Thursday, November 3, 2011

I continue to get up....

...because of my kids.

This lil' poem states so simple who I often feel.  There are many days when they drive me near insanity (the good kind. hahaha).  Then there are days when I just couldn't imagine a day with out them.

I am not working right now.  It wasn't something that came about lightly.  I've had a few meltdowns this afternoon after seeing my therapist and calling the short-term disability insurance company. 

My children are the reason I get up every single day. They are the very fiber of my being.  I love them more than I love anything else on this earth.  With out them I have no idea where I would be at this moment. I can pretty much guarantee you it wouldn't be sitting in my living room....blogging.

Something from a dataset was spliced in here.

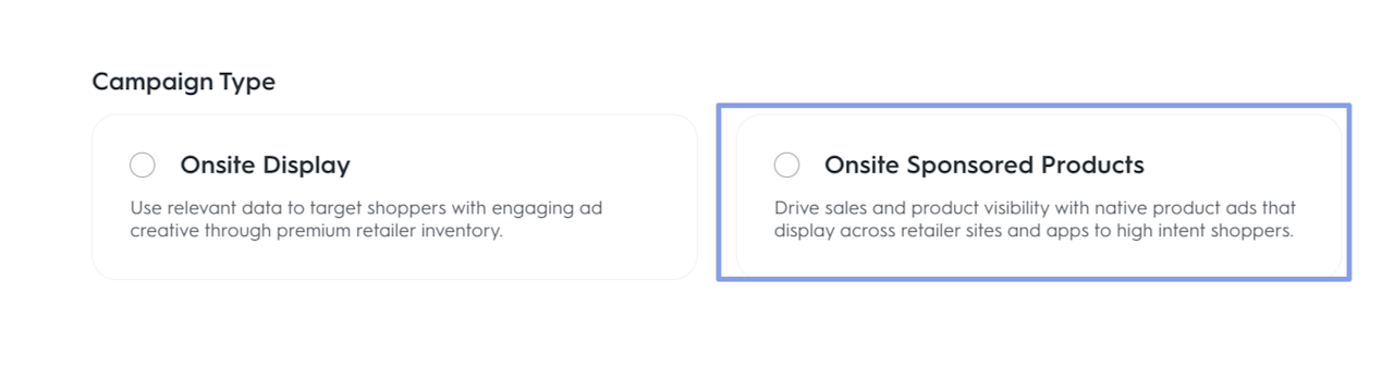 On the Create Campaign page, choose the Campaign Type to be Onsite Sponsored Products.
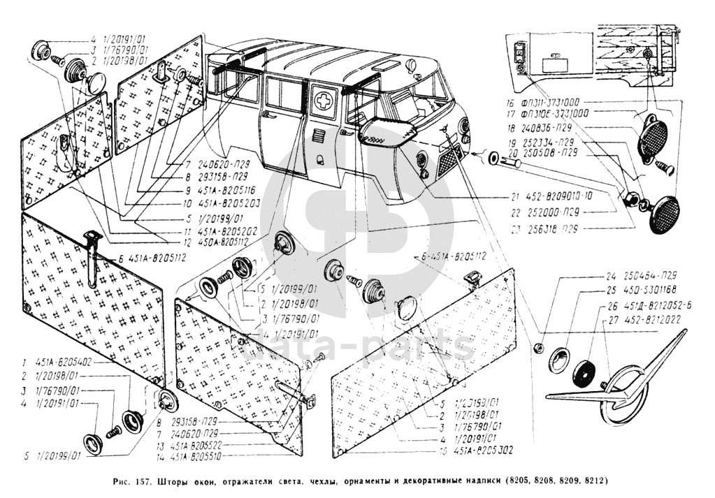 Шторы окон, отражатели свеча, чехлы, орнаменты и декоративные надписи УАЗ 3303

When I left J*'s office this morning she wanted to know 'what my plan was for the next week....what was *I* going to do that was structured and healthy?'

I didn't have the answers.
I still don't have answers.

It may need to be a day-to-day plan that I develop.

For today the plan consisted of:
Me making dinner.
Eating dinner. 
Cleaning up the table.
And not going to my room or bathroom to hide in a hot bath.  While my children were still awake.

It is 9:15pm.  And I've struggled a great deal with not escaping to my room---to the tub. One of my two children are in bed.  The other will be shortly.  And it is just a matter of time before a very hot tub calls my name and I very well may not be able to keep it together any longer.

I've grounded my son...and then ungrounded him for kicking a ball at the house when he was supposed to be cleaning up dog crap.  Having a talk w/my daughter about her going to the temple next weekend w/the youth group.  I've spent the evening editing photos.  Updating my photo blog.  And working w/my brother to offer a portrait special to his office co-workers for head shot photos.

To be honest...I've not reverted to my room for a nap/break since I got up at 9:00am and left for my chiropractor and therapy appt.

Emotionally exhaused.

1 comment:

GB's Mom said...

Hang in there, sweetie. You are so strong. Most people would have been down for the count.